What I meant with short distance argument was that generally in Us people commute more ( including work related) than anywhere else and therefore need luxury car. 
Now you are going to say that you don't agree to it and you are entitled to your opinion.


----------



## ozbound12 (Mar 23, 2012)

UStoAusi said:


> What I meant with short distance argument was that generally in Us people commute more ( including work related) than anywhere else and therefore need luxury car.
> Now you are going to say that you don't agree to it and you are entitled to your opinion.


Actually the data (i.e. facts) show that commuting trends in Australia (in terms of vehicle kilometres travelled and time spent commuting) are lining up with those of the US, so it's really not an opinion.

As for your northeast statement - yes, obviously, but the northeast is far more densely populated than anything in Australia.


----------



## UStoAusi (Nov 14, 2012)

ozbound12 said:


> Actually the data (i.e. facts) show that commuting trends in Australia (in terms of vehicle kilometres travelled and time spent commuting) are lining up with those of the US, so it's really not an opinion.
> 
> As for your northeast statement - yes, obviously, but the northeast is far more densely populated than anything in Australia.


According to Australia dept of statistics avg km driven is about 14k, which is much higher than I would have guessed, whereas average miles driven is about the same no for US. So US is still 60% more on equivalent basis. 

Yes but that is true about US in general compared to Ausi in terms of long distance travel.


----------



## ozbound12 (Mar 23, 2012)

UStoAusi said:


> According to Australia dept of statistics avg km driven is about 14k, which is much higher than I would have guessed, whereas average miles driven is about the same no for US. So US is still 60% more on equivalent basis.
> 
> Yes but that is true about US in general compared to Ausi in terms of long distance travel.


In 2010, annual VMT per capita for the US was just under 10,000 mi.

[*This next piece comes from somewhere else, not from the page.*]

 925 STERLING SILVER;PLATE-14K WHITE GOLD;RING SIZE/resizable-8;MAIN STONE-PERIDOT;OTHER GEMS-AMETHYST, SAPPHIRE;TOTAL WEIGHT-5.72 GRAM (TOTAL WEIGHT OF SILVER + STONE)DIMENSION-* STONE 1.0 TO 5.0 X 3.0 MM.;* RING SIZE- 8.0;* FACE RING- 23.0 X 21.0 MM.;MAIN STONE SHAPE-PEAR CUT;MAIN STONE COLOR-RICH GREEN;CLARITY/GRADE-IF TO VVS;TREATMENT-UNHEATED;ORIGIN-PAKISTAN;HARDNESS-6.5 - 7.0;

So it's not 60% more.

I agree that fewer people are going to drive long distances here than in the US, largely because the intercity infrastructure is just not as good, but just because petrol is more expensive here than in the US doesn't mean that people don't drive quite a bit. Australia is a very car-oriented country.


----------



## UStoAusi (Nov 14, 2012)

ozbound12 said:


> In 2010, annual VMT per capita for the US was just under 10,000 mi. So it's not 60% more.
> 
> I agree that fewer people are going to drive long distances here than in the US, largely because the intercity infrastructure is just not as good, but just because petrol is more expensive here than in the US doesn't mean that people don't drive quite a bit. Australia is a very car-oriented country.

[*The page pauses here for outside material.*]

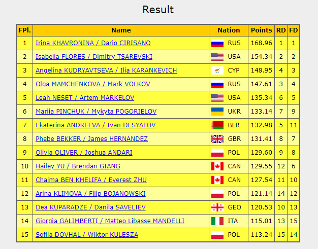 Победу одержали россияне Ирина Хавронина и Дарио Чиризано. За два танца они набрали 168,96 балла. На втором месте расположились американцы Изабелла Флорес и Дмитрий Царевский. Они набрали 154,34 баллы. Замкнули тройку представители Кипра Ангелина Кудрявцева и Илья Каранкевич. На их счету 148,95 балла.

Seems like no. quoted on dept of transportation wwbsite is different. 

www.fhwa.dot.gov/ohim/onh00/bar8.htm

Anyway dude take it easy. I was putting my opinion and not trying to force it. 

Also I am surprised that people in Ausi drive so much, given the fact that cities are far apart and gas is costly.


----------



## UStoAusi (Nov 14, 2012)

ozbound12 said:


> In 2010, annual VMT per capita for the US was just under 10,000 mi. So it's not 60% more.
> 
> I agree that fewer people are going to drive long distances here than in the US, largely because the intercity infrastructure is just not as good, but just because petrol is more expensive here than in the US doesn't mean that people don't drive quite a bit. Australia is a very car-oriented country.


Wish germans came without gold plated price.


----------



## ozbound12 (Mar 23, 2012)

UStoAusi said:


> Seems like no. quoted on dept of transportation wwbsite is different.
> 
> Average Annual Miles per Driver by Age Group
> 
> ...


That's a bit rude. I was just stating facts, you're the one that seems to be forcing things. I think I can speak to how things are here in Australia since, well, I live here. Maybe you should be the one to "take it easy".

BTW, calling someone "dude" is condescending. I wouldn't continue with that sort of talk if I were you.


----------



## anishk06 (Sep 5, 2012)

Immiseek said:


> I think it is really going to hit me hard, since cars in Muscat are way cheaper than most of the countries, approx 2 times lesser than India. I remember buying the Prado at 40K AUD(approx) two years ago. I feel that it'll not be worth importing it to Aus. Anybody with the exp in imporing may pls share it with me.


You cannot import cars to Auz from any other country including NZ


----------



## Immiseek (Oct 17, 2012)

anishk06 said:


> You cannot import cars to Auz from any other country including NZ


I think there are a lot of hurdles in importing cars but I don't think that it's not possible at all.


----------



## Judy&Rob (May 31, 2011)

Hi,
I Imported my VW beetle from the UK last April, lots of paperwork to complete beforehand, but well worth it


----------



## S58cRenu (Dec 29, 2012)

Not a bad tip Monika. Who knew that "car sharing" was an option in Sydney! Not me. 

Judy&Rob, that's also the kind of stuff i wanted to hear in this thread regarding what model car you plunked down for (and maybe a pic or two just for kicks). 

Speaking of pics, how do you guys get your driver's license once you land in Australia? Did you go to the DMV like the week you landed?


----------



## espresso (Nov 2, 2012)

Hi S58cRenu, 

if you hold a PR visa


> [...] you are allowed to drive in NSW on a current overseas licence for a maximum of *three months after arriving in Australia*.


Source (for NSW): RTA - International drivers

You will need proof of a *residential address* (tenancy agreement, ownership contract etc.) before you can get a driving licence in the state you are moving to. If you are moving to NSW and have a US driving licence you are lucky because the US are on the exemption list. This means no driving or knowledge test is required. I got my licence at the _Roads and Maritime Services_ (RTA) within 15 minutes. 

All the best, 
Monika


----------



## S58cRenu (Dec 29, 2012)

Hi Monika! That's great news that I can head over to an RTA office & obtain a license pretty quickly. One less thing to worry about. Cheers! 

I owe you one for this, hehe. Just kidding. Let me know if I can help you with anything. Cheers.


----------